━━ DATA SECTION
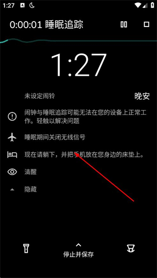 3、睡眠结束后,点击停止并保存,即可完成睡眠追踪并保存记录。
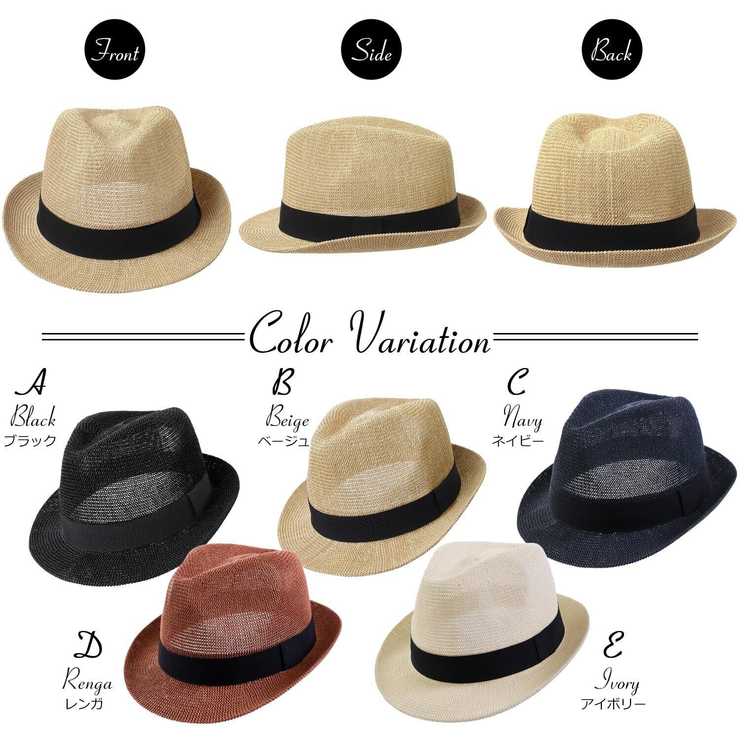 【Rachel】メンズ 中折れハット 無地 サイズ調整 折り畳み サーモ 麦わら帽子 男女兼用 ユニセックス ストローハット
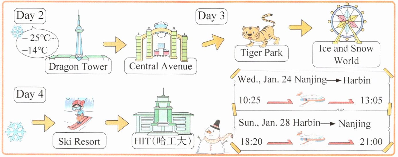 )2. It was cold and snowy in Harbin on the second day.(
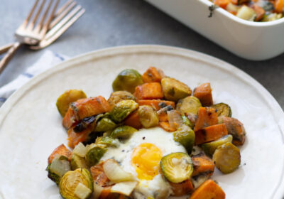 ¡Esta receta de huevos horneados y papas dulces es un plato tan versátil que se puede comer para el desayuno o la cena! ¿A quién no le gusta una receta que sólo requiere un poco de picado y luego tirar todos los ingredientes en una sartén? Las batatas, los huevos, las coles de Bruselas, el queso azul y las cebollas son todos yo
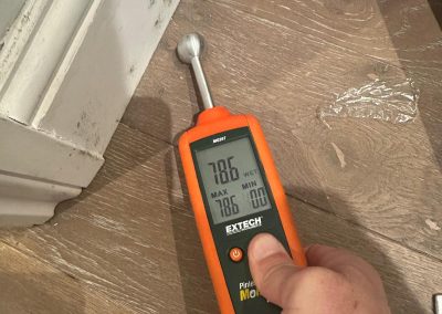 We promptly visited the property to assess the damage and recommended a full strip-out of the affected ceiling plasterboard and flooring to allow for proper structural drying. We installed professional drying equipment to prevent further deterioration and worked closely with the insurer to agree on a comprehensive scope of repairs. After persistent negotiation, the insurer accepted our recommendation to remove the damaged finishes, carry out full structural drying, and reinstate the flooring and joinery to their pre-loss condition.
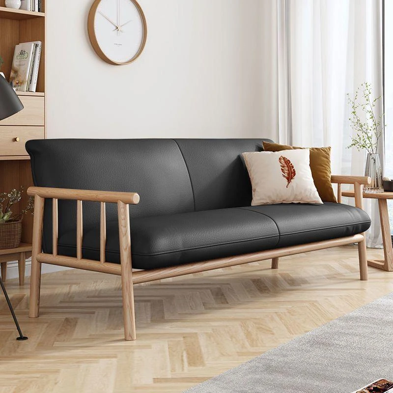 北欧スタイルの本革製ソファ - 小型リビングに最適!全てが天然木製のオーク材を使用したシンプルでモダンなダブル3人掛けソファ。省スペースでありながら、心地よい座り心地を提供します。
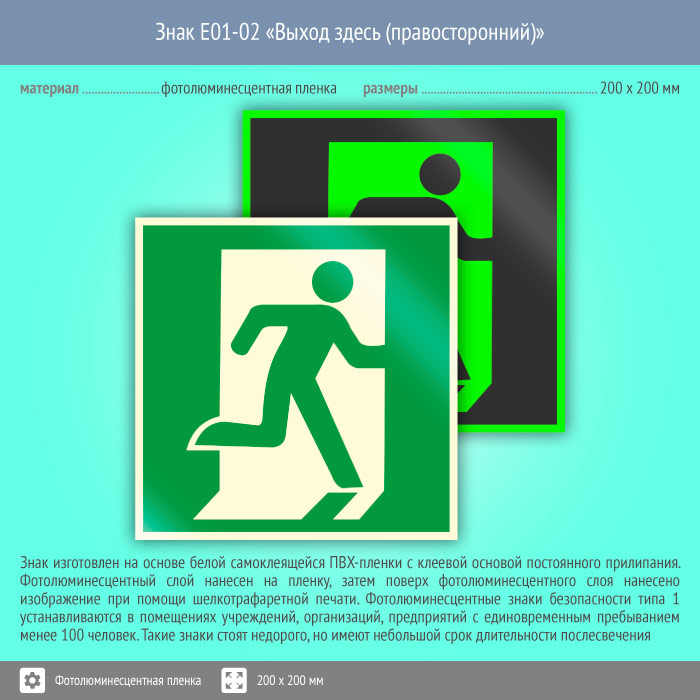 Знак E01-02 «Выход здесь (правосторонний)» (фотолюминесцентная пленка, 200х200 мм) в Новокузнецке купить
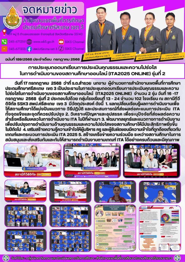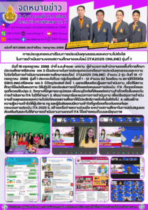 การประชุมถอดบทเรียนการประเมินคุณธรรมและความโปร่งใสในการดำเนินงานของสถานศึกษาออนไลน์ (ITA2025 ONLINE) รุ่นที่ 2 กรกฎาคม 18, 2025 Last updated : กรกฎาคม 18, 2025 Phakjerawan wayophat
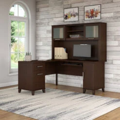 Bush Furniture Somerset 60W L Shaped Desk with Hutch in Mocha Cherry – SET002MR. Maximize the potential of your home office with the Bush Furniture Somerset 60W L Shaped Desk with Hutch.
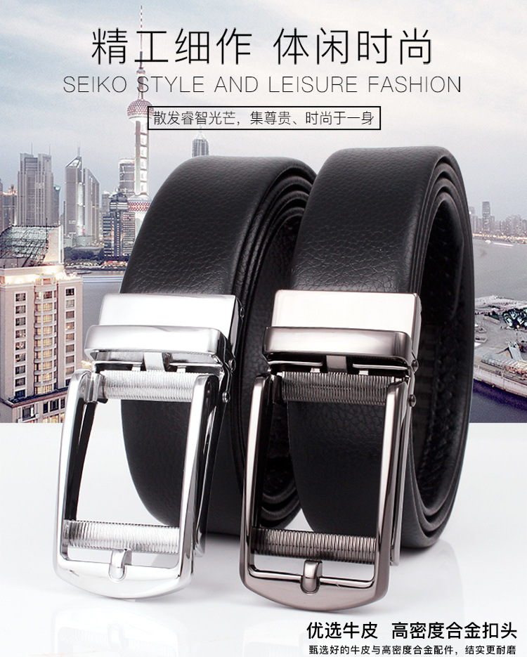 Cinturón de cuero de los hombres falso hebilla automática cinturón de negocios casual clip cinturón de fábrica al por mayor en stock
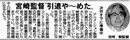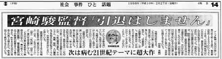 アニメーション映画「もののけ姫」で配収百八億円という空前の大ヒットを飛ばした宮崎駿監督(57)が、かねてほのめかしていた「引退」を完全撤回、自作の準備に入っていることが27日、関係者の話で明らかになった。
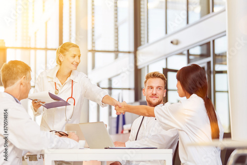 Ärzte geben Handschlag zur Begrüung bei Meeting
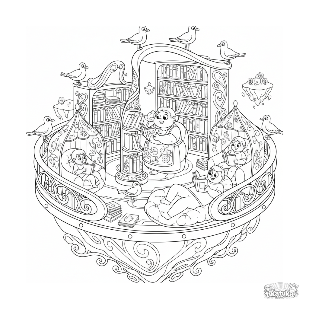 Página para colorir de uma biblioteca flutuante ao ar livre para 10-12 anos. Cena detalhada com estantes de livros, leitores e toldos.
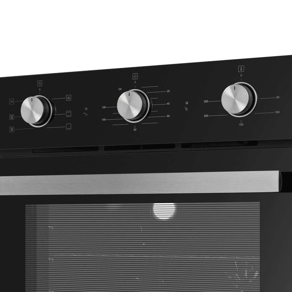 Дверца духового шкафа оснащена тройным стеклом - это гарантия медленного нагревания внешнего стекла, что создает холодный фронт и делает процесс приготовления безопасным исключая возможность ожога при касании.
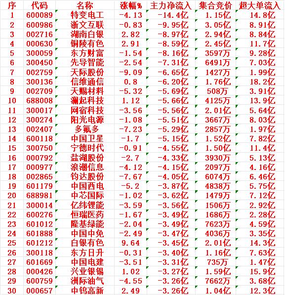 1月27日上午盘,主力趁低位,大幅买入的30名单: 中际旭创:涨幅 +5.67%,净流入 21.9亿元 新易盛:涨幅 +4.58%,净流入 14.0亿元 工业富联:涨幅 +3.26%,净流入 13.2亿元 天孚通信:涨幅 +8.93%,净流入 10.6亿元 平潭发展:涨幅 +9.99%(涨停),净流入 9.32亿元 1月27日中午收盘,主力资金“大幅卖出”的30名单: 特变电工:跌幅 -4.13%,净流入 -14.4亿元 浙文互联:跌幅 -0.83%,净流入 -9.95亿元 湖南白银:涨幅 +2.82%,净流入 -8.97亿元 铜陵有色:涨幅 +2.91%,净流入 -8.59亿元 东方财富:跌幅 -1.54%,净流入 -8.16亿元
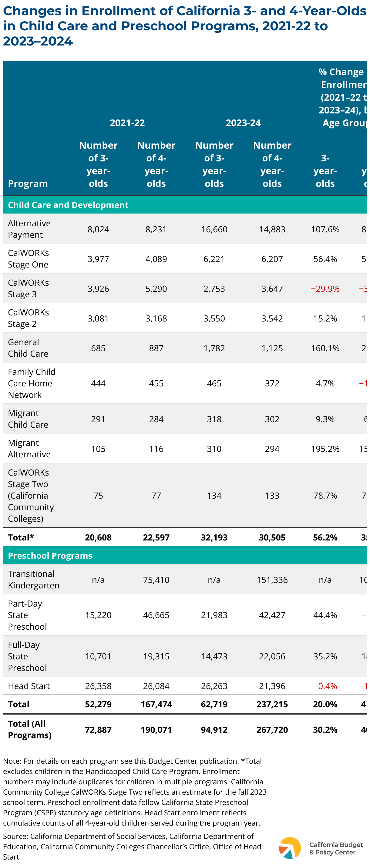 - 4-year-old enrollment grew more slowly than 3-year-old enrollment in most programs. This is especially notable in child care and development programs, where enrollment for 3-year-olds grew by 56% from 2021-22 to 2023-24, possibly reflecting slot expansion in recent years. By contrast, enrollment for 4-year-olds only grew by 35%, with some programs experiencing declines. This slower growth among 4-year-olds may reflect a shift toward Transitional Kindergarten (TK). While growth for 3-year-olds is promising, it still falls short of meeting the need because only 21% of eligible 3-year-olds were served in 2023-24.
━━━━
> _WHAT THE TASK ASKS_
From the records above, extract the lines from the one holding "Página para colorir" through the one holding "1月27日上午盘,主力趁低位,大幅买入的30名单: 中际旭创:涨幅 +5.67%,净流入", word for word; omit the pictures.

> _ANSWER TO THE EXERCISE_
 Página para colorir de uma biblioteca flutuante ao ar livre para 10-12 anos. Cena detalhada com estantes de livros, leitores e toldos.
 Дверца духового шкафа оснащена тройным стеклом - это гарантия медленного нагревания внешнего стекла, что создает холодный фронт и делает процесс приготовления безопасным исключая возможность ожога при касании.
 1月27日上午盘,主力趁低位,大幅买入的30名单: 中际旭创:涨幅 +5.67%,净流入 21.9亿元 新易盛:涨幅 +4.58%,净流入 14.0亿元 工业富联:涨幅 +3.26%,净流入 13.2亿元 天孚通信:涨幅 +8.93%,净流入 10.6亿元 平潭发展:涨幅 +9.99%(涨停),净流入 9.32亿元 1月27日中午收盘,主力资金“大幅卖出”的30名单: 特变电工:跌幅 -4.13%,净流入 -14.4亿元 浙文互联:跌幅 -0.83%,净流入 -9.95亿元 湖南白银:涨幅 +2.82%,净流入 -8.97亿元 铜陵有色:涨幅 +2.91%,净流入 -8.59亿元 东方财富:跌幅 -1.54%,净流入 -8.16亿元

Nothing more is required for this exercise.